However, Congress rejected the EZLN’s draft and passed a diluted version of the law. The EZLN promptly renounced it, and marched back to the Chiapas countryside to install its own system of what it declared to be “autonomous communities” and “good government councils” based on indigenous traditions of self-governance. In addition, five small regional coordinating centers for health and education were eventually organized. The EZLN, as a military organization, claimed it was transferring local power and authority to these affiliated political bodies.
All this created an odd patchwork of political, economic, and military conditions in Chiapas. The scattered Zapatista communities, only 32 in number, existed amid a far larger number of indigenous communities that were aligned, to varying degrees, with the government or with a major political party. These communities received increasing amounts of economic aid from President Fox’s administration. But the Zapatista communities rejected government aid, seeking assistance instead from international agencies. Meanwhile, Mexican officials avoided going into the Zapatista zones, and the Mexican army kept a low profile. To its credit, the army responded innovatively to the Zapatista uprising, by granting new authority to small units while improving their dispersed deployment patterns, tactical mobility, and communications networks in the region. This amplified the army’s presence and the speed with which its units could respond to signs of unrest.

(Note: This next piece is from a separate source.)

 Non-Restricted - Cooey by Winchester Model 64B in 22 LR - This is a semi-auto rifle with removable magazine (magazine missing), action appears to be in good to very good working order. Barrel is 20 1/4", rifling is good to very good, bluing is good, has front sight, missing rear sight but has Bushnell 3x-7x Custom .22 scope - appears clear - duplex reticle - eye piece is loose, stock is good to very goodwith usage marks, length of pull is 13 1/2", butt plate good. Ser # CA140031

As a result, Chiapas remained the impoverished, isolated scene of an uneasy ceasefire and unofficial truce. There was occasional talk about restarting formal peace negotiations, but nothing formal developed. At least, armed conflict was not occurring, aside from some isolated atrocities apparently committed by pro-government paramilitaries. The social netwar had died down as well. Marcos and the EZLN still enjoyed a presence on the Internet; but many social activists remained more interested in anti-globalization and pro-democracy struggles elsewhere in the world.
For the next several years, Subcomandante Marcos and the EZLN laid low again. Indeed, Marcos -- whose family name was found to be Rafael Guillen, and who was identified as a former school teacher from another state -- turned to spend some of his time quietly overseas, often in Parisian salons, cultivating global civil-society actors for whom he remained an iconic figure. He seemed to neglect matters in Mexico, but he did co-author an odd detective novel published there. All this diminished his standing as an activist in the EZLN and in Mexico as a whole.

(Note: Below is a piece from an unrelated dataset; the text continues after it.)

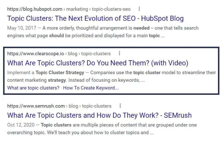 For example, from Clearscope’s article “Topic Clusters: What Are They? Do They Help Your SEO? (with Video),” Google picked up two anchor links and presented them as sitelinks on the SERPs for “topic clusters.”

Lately, however, Subcomandante Marcos and the EZLN are making a new effort to generate a resurgence. And once again this has occurred on the eve of a presidential election. They began by publishing the “Sixth Declaration of the Selva Lacandona” in June 2005. It reiterated their opposition to the destructive effects of capitalism and “neoliberal globalization.” It called for building “another way of doing politics” that is “from below and for below.” And it declared the following: Marcos and the EZLN will maintain their commitment to an “offensive ceasefire” despite the absence of a peace treaty. They will convene a new “intercontinental encounter” for activists from around the world, perhaps in 2007. They will organize a new leftist social movement, in which all people who are trying to rebel realize “that you are not alone.” And they will propose a new Constitution for Mexico.[4]
Next, the EZLN disbanded the civic front it had established in 1997, the Zapatista Front for National Liberation (FZLN). Now, the EZLN declared, it alone would be in charge of promoting “a new stage of civil zapatismo.”
This set the stage for Subcomandante Marcos and the EZLN to approach the 2006 presidential election cycle with a major new initiative: They created, in parallel to the official campaign, what they called “the Other Campaign.” Through the media and in small meetings convened across Mexico, they heaped scorn on traditional party politics and refused to back any party’s candidate. The rightist PAN candidate, Felipe Calderon, narrowly won the hotly disputed election.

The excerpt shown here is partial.